Ruby had been out early that morning and taken half a dozen big crayfish out of the crystal water, from a kelp-filled pool in the rocks which he boasted was his private fishing-ground.
He wrapped them in fresh kelp leaves and steamed them over the coals until they turned bright scarlet and the flesh was milk white and succulent as he broke open the carapaces.
‘Now, if that isn’t the finest spring chicken you have ever seen—’ he crowed as he held up the dismembered shellfish, ‘– you all bear witness that it’s got two legs and feathers.’
David admitted that he had never tasted poultry like it and as he washed it down with a dry Cape Riesling he found it was no terrible hardship to reach for another. Both he and Debra were enjoying themselves, so that it came as a jolt when Reuben at last began on the real purpose of their meeting.
He was leaning across Debra to refill her wine glass, when he paused and asked her.
‘How long is it since your eyes were last checked out, my dear?’ and gently he placed his hand under her chin and tilted her face to look into her eyes. David’s nerves snapped taut, and he moved quickly in his chair, watching intently.
‘Not since I left Israel – though they took some X-rays when I was in hospital.’
‘Any headaches?’ Ruby asked, and she nodded. Ruby grunted and released her chin.
‘I suppose they could strike me off, drumming up business, but I do think that you should have periodic checks. Two years is a long time, and you have foreign matter lodged inside your skull.’
‘I hadn’t even thought about it.’ Debra frowned slightly and reached up to touch the scar on her temple.
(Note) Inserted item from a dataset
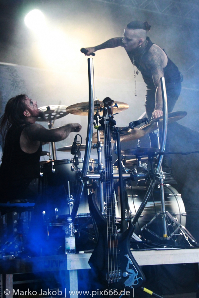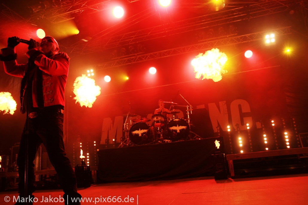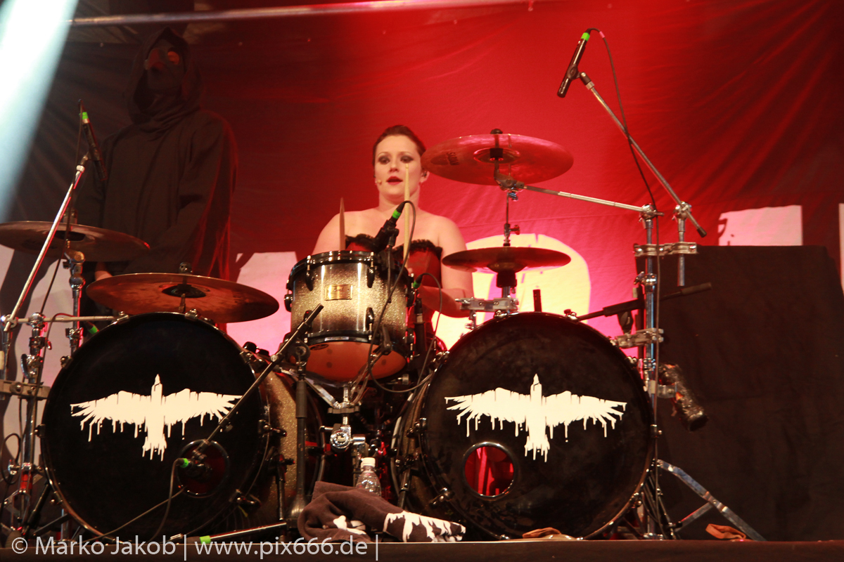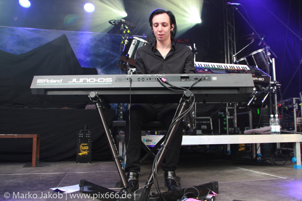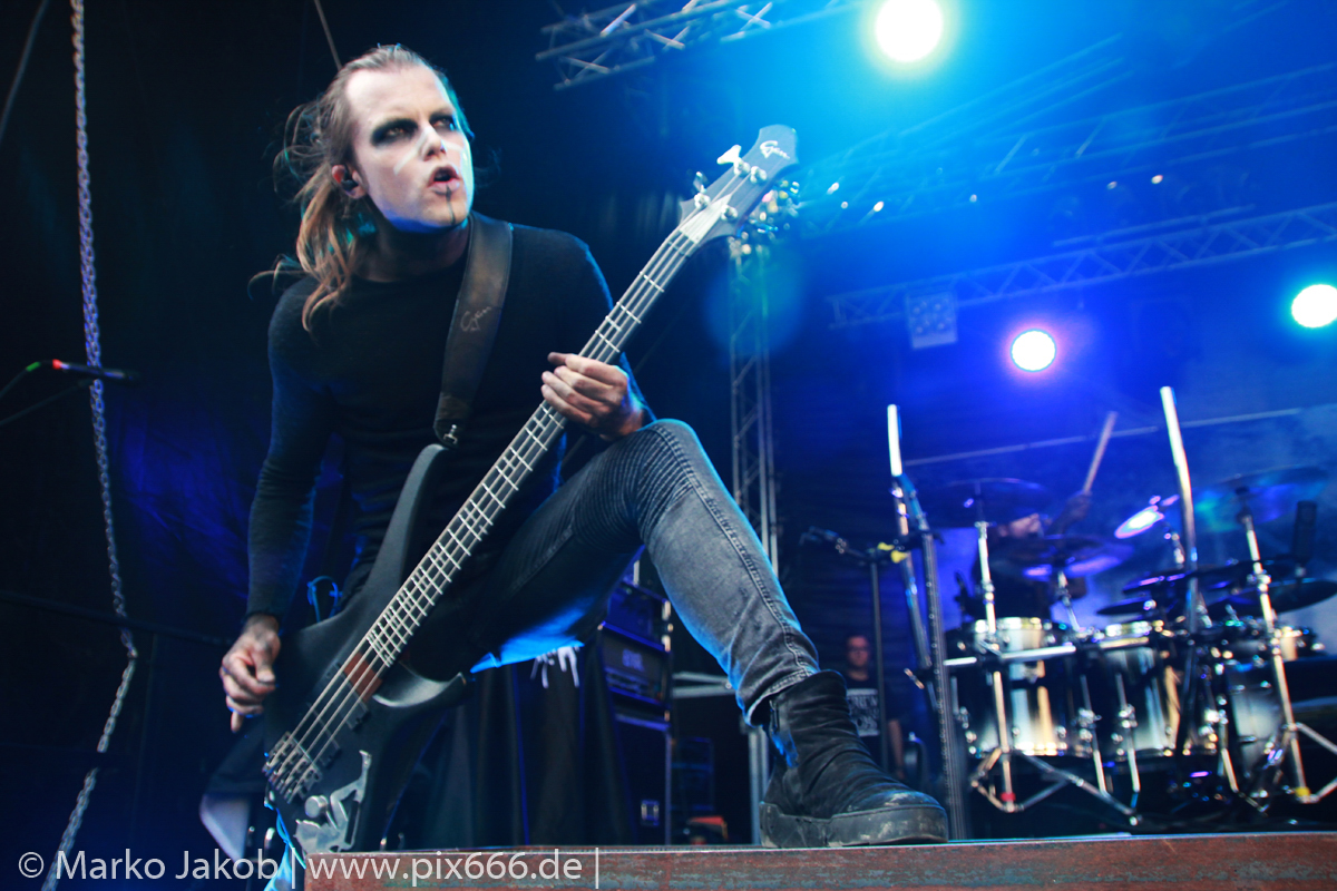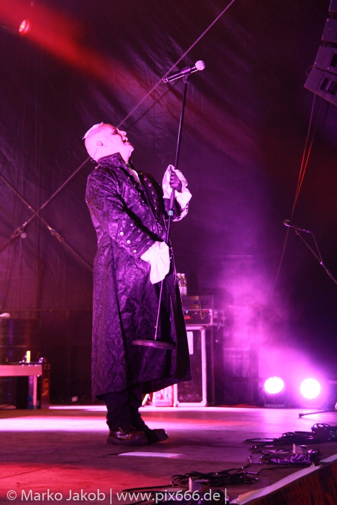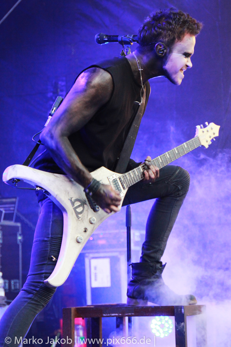 Lord Of The Lost sprühten an diesem Abend nur so vor Spielfreude. Die Jungs legten mit ‚Drag Me To Hell‘ und ‚Miss Machine‘ los wie die Feuerwehr und die Stimmung übertrug sich von Beginn an auf die Fans. Selbst der neue Song ‚Morgana‘ wurde schon von vielen Fans mitgesungen. Bei den Songs ‚Prison‘ und ‚Blood For Blood‘ taten das dann fast alle. Wow – was für eine tolle Konzert Atmosphäre. Open Air, aber doch intim. Etwa 1000 Besucher passen auf das Gelände zwischen den Mauern der Festung.

David felt his conscience twinge as he joined actively in the conspiracy.
‘It can’t do any harm, darling. Why not let Ruby give you a going over while we are here? Heaven knows when we will have another opportunity.’
‘Oh, David—’ Debra disparaged the idea. ‘I know you are itching to head for home – and so am I.’
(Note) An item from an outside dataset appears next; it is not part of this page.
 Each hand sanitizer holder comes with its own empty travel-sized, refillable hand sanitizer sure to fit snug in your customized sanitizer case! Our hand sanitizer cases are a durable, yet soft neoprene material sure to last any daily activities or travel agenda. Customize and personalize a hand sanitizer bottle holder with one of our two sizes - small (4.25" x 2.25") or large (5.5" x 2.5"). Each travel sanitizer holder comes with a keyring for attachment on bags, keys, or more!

‘Another day or two won’t matter, and now that we have thought about it, it’s going to worry us.’
Debra turned her head in Ruby’s direction. ‘How long will it taker?’
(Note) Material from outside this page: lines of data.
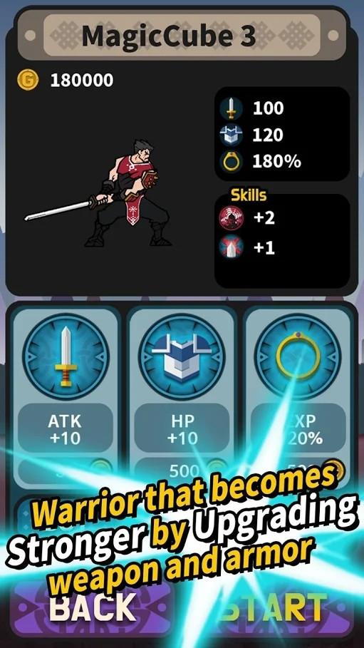 无限决斗游戏中讲述了一个精彩的冒险故事,这部作品中拥有好玩的街机类游戏,游戏在的你需要控制一名勇士进行刺激的冒险和战斗,而且玩法也非常的简单有趣,玩家在挑战中只需要点击屏幕就能让你的角色进行战斗,你要将自己面前的所有敌人全部消灭,只有这样才能获得经验并进行升级,玩家在游戏中还要提升自己的攻击力和各项不同的属性。设计打造出了精彩且让人感兴趣的游戏环节,玩家要控制自己的游戏进行战斗和冒险,除此之外还要将你眼前的敌人全部消灭,这部作品中采用的是简洁的主题画风,拥有画面清晰且精彩的背景,加入了趣味性的玩法和有趣的精彩刺激的操作,整体上看作品中的操作简单且容易上手,而且拥有无限的挑战模式,只要玩家的角色不死就能可以一直玩下去。
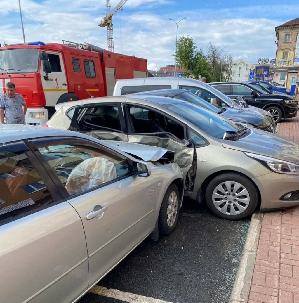 Около 16 часов 20 минут на улице Марата автомобиль «Мазда» влетел в припаркованный «Киа». От удара «Киа» столкнулся с другим припаркованным транспортом.
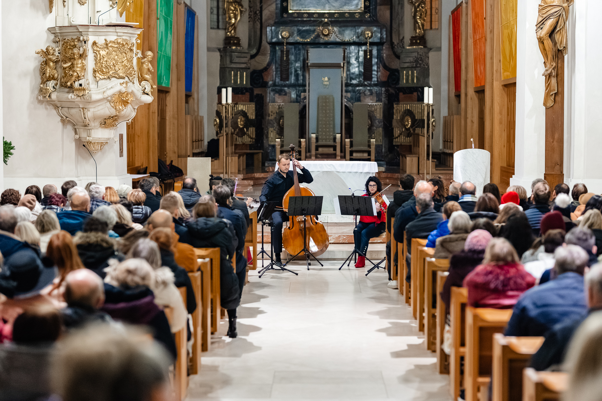 The Cathedral of St. Nicholas in the centre of České Budějovice was filled with employees, students and friends of the University of South Bohemia who came to listen to the traditional Advent concert of the University. This year, the festive evening was performed by two musical groups - the chamber ensemble Bendissimo, composed of members of the South Bohemian Philharmonic and the South Bohemian Theatre, and the Carmína youth choir, which brings together children and young people from kindergartens, primary, secondary and university schools in České Budějovice.
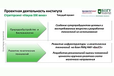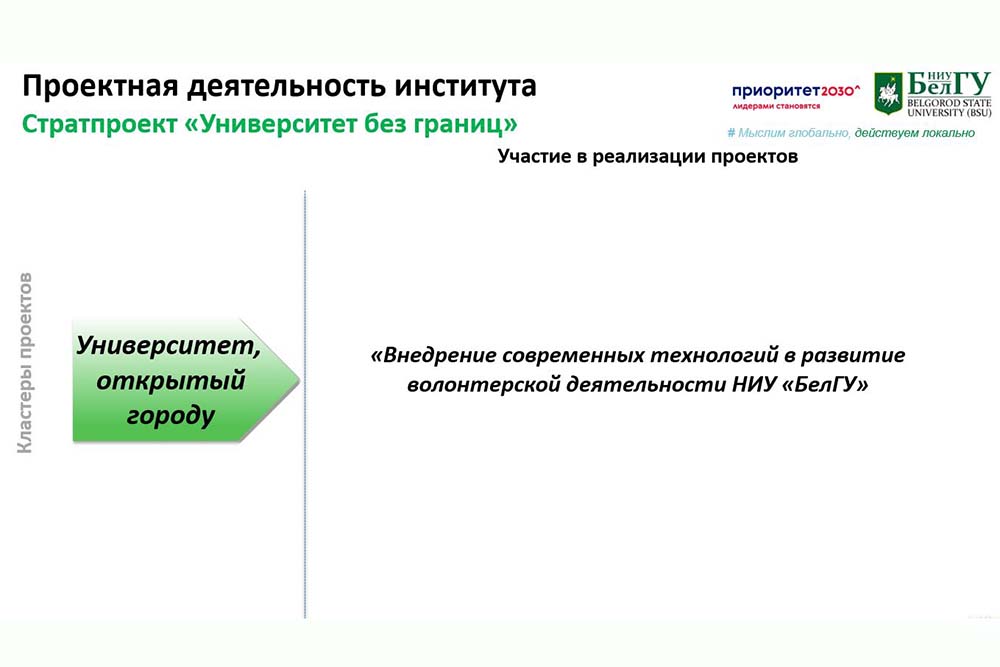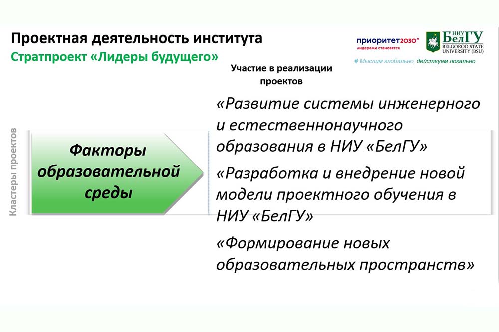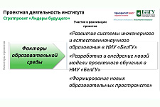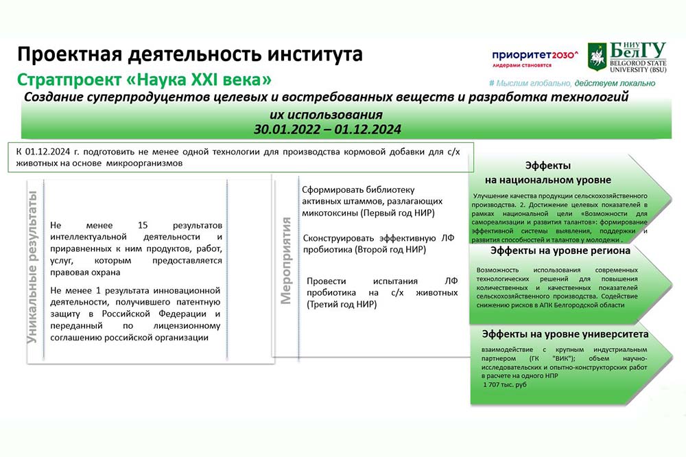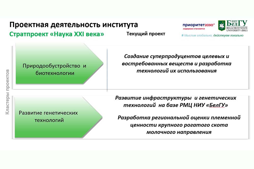 Институт участвует в реализации семи проектов программы «Приоритет-2030», три из них – «Создание суперпродуцентов целевых и востребованных веществ и разработка технологий их использования», «Развитие инфраструктуры и генетических технологий на базе регионального микробиологического центра НИУ «БелГУ» и «Разработка региональной оценки племенной ценности крупного рогатого скота молочного направления» – на платформе «Наука XXI века».
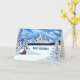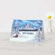 A Christmas card with a beautiful winter scene including snow covered mountains, evergreens and rustic cabin. The image and text can be personalised. You also have the option to delete the text. Original artwork by W.B.
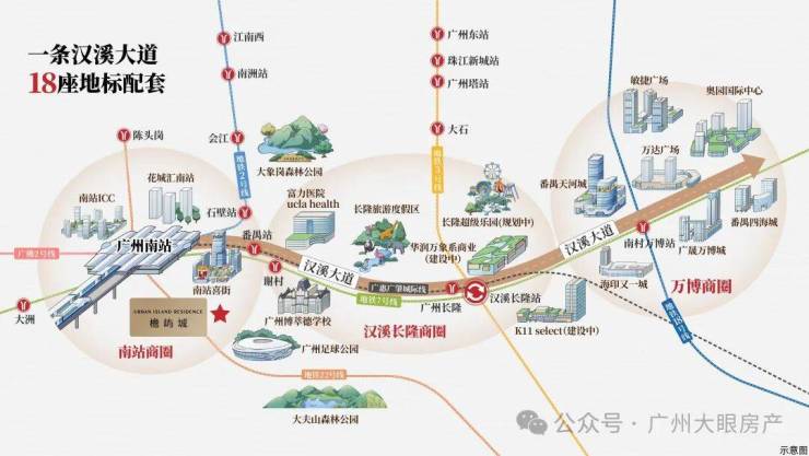 (汉溪大道约8公里/15min到万博、兴业大道-新光快速约20公里/29min到珠江新城)
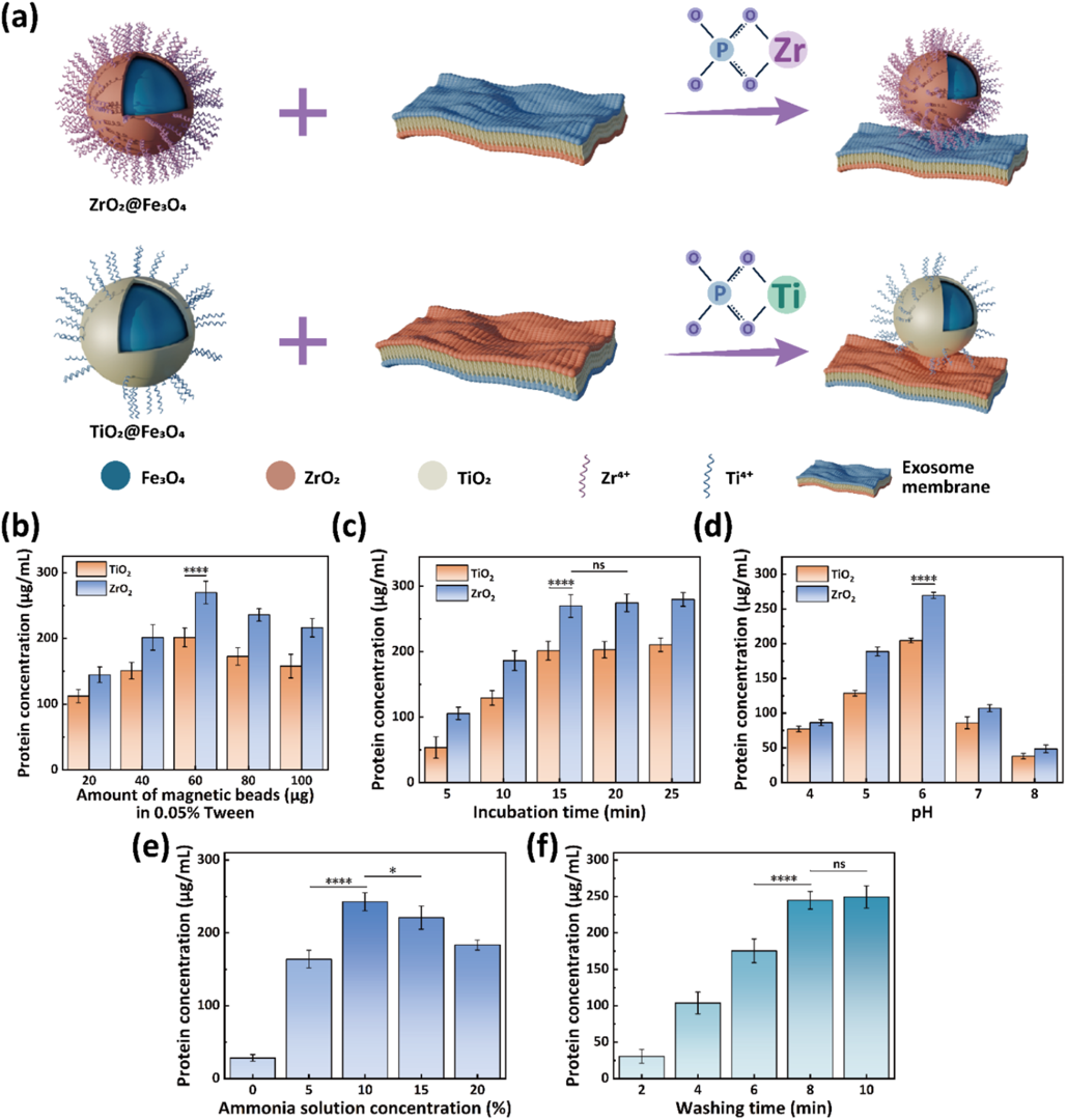 Figure 2. Optimization of EV enrichment and elution conditions for the DMF-ZrO2@Fe3O4 method. (a) Schematic illustration of the chemical mechanism for EV enrichment using ZrO2@Fe3O4 and TiO2@Fe3O4 beads. (b−d) Effects of magnetic beads, incubation time, and solution pH on EV enrichment efffciency. (e, f) Effects of ammonia concentration and elution time on EV elution efffciency. (ns: not signiffcant, *: P < 0.05, ****: P < 0.0001).

‘A day. I’ll give you an examination in the morning, and then we’ll shoot some X-ray plates in the afternoon.’
‘How soon could you see her?’ David asked, his voice unnatural for he knew
that the appointment had been arranged five weeks previously.
‘Oh, I’m sure we could fit her in right away – tomorrow – even if we have to do a little juggling. Yours is rather a special case.’
David reached across and took Debra’s hand. ‘Okay, darling?’ he asked.
‘Okay, David,’ she agreed readily.
Ruby’s consulting-rooms were in the Medical Centre that towered above the harbour and looked out across Table Bay to where the black south-easter was hacking the tops from the waves in bursts of white, and shrouding the far shores of the bay in banks of cloud as grey as wood smoke.
The rooms were decorated with care and taste: two original landscapes by Pierneef and some good carpets, Samarkand and a gold-washed Abedah – even Ruby’s receptionist looked like a hostess from a Playboy Club, without the bunny ears and tail. It was clear that Dr Friedman enjoyed the good things of life.
The receptionist was expecting them, but still could not control the widening of her eyes and the shocked flight of colour from her cheeks as she looked at David’s face.
‘Dr Friedman is waiting for you, Mr and Mrs Morgan. He wants you both to go through, please.’
Ruby looked different without his prosperous paunch bulging over the waistband of a bathing costume, but his greeting was warm as he took Debra’s arm.
‘Shall we let David stay with us?’ he asked Debra in mock conspiracy.
‘Let’s,’ she answered.
After the usual clinical history, which Ruby pursued relentlessly, he seemed satisfied and they went through into his examination-room. The chair looked to David to be identical to a dentist’s, and Ruby adjusted it for Debra to lie back comfortably while he made a physical examination, directing light through her pupils deep into the body of each eye.
‘Nice healthy eyes,’ he gave his opinion at last, ‘and very pretty also, what do you say, David?’
‘Smashing,’ David agreed, and Ruby sat Debra upright while he attached electrodes to her arm and swung forward a complicated-looking piece of electronic equipment.